EUPG¶
- class morl_baselines.single_policy.esr.eupg.EUPG(env: Env, scalarization: Callable[[ndarray, ndarray], float], weights: ndarray = array([1., 1.]), id: int | None = None, buffer_size: int = 100000, net_arch: List = [50], gamma: float = 0.99, learning_rate: float = 0.001, project_name: str = 'MORL-Baselines', experiment_name: str = 'EUPG', wandb_entity: str | None = None, log: bool = True, log_every: int = 1000, device: device | str = 'auto', seed: int | None = None, parent_rng: Generator | None = None)¶
Expected Utility Policy Gradient Algorithm.
The idea is to condition the network on the accrued reward and to scalarize the rewards based on the episodic return (accrued + future rewards) Paper: D. Roijers, D. Steckelmacher, and A. Nowe, Multi-objective Reinforcement Learning for the Expected Utility of the Return. 2018.
Initialize the EUPG algorithm.
- Parameters:
env – Environment
scalarization – Scalarization function to use (can be non-linear)
weights – Weights to use for the scalarization function
id – Id of the agent (for logging)
buffer_size – Size of the replay buffer
net_arch – Number of units per layer
gamma – Discount factor
learning_rate – Learning rate (alpha)
project_name – Name of the project (for logging)

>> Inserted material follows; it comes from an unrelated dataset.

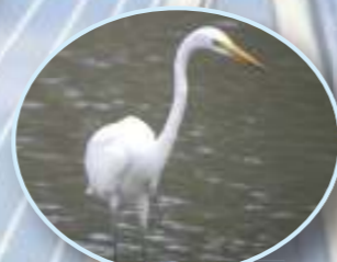
ダイサギ 9月～翌年5月

experiment_name – Name of the experiment (for logging)
wandb_entity – Entity to use for wandb
log – Whether to log or not
log_every – Log every n episodes
device – Device to use for NN. Can be “cpu”, “cuda” or “auto”.
seed – Seed for the random number generator
parent_rng – Parent random number generator (for reproducibility)
- eval(obs: ndarray, accrued_reward: ndarray | None) int | ndarray ¶
Gives the best action for the given observation.
- Parameters:
obs (np.array) – Observation
w (optional np.array) – weight for scalarization
- Returns:
np.array or int – Action
- get_buffer()¶
Returns a pointer to the replay buffer.
- get_config() dict ¶
Generates dictionary of the algorithm parameters configuration.
- Returns:
dict – Config
- get_policy_net() Module ¶
Returns the weights of the policy net.
- set_buffer(buffer)¶
Sets the buffer to the passed buffer.
- Parameters:
buffer – new buffer (potentially shared)
- set_weights(weights: ndarray)¶
Sets new weights.
- Parameters:
weights – the new weights to use in scalarization.
- train(total_timesteps: int, eval_env: Env | None = None, eval_freq: int = 1000, start_time=None)¶
Train the agent.
- Parameters:
total_timesteps – Number of timesteps to train for
eval_env – Environment to run policy evaluation on
eval_freq – Frequency of policy evaluation
start_time – Start time of the training (for SPS)
- update()¶
Update algorithm’s parameters (e.g. using experiences from the buffer).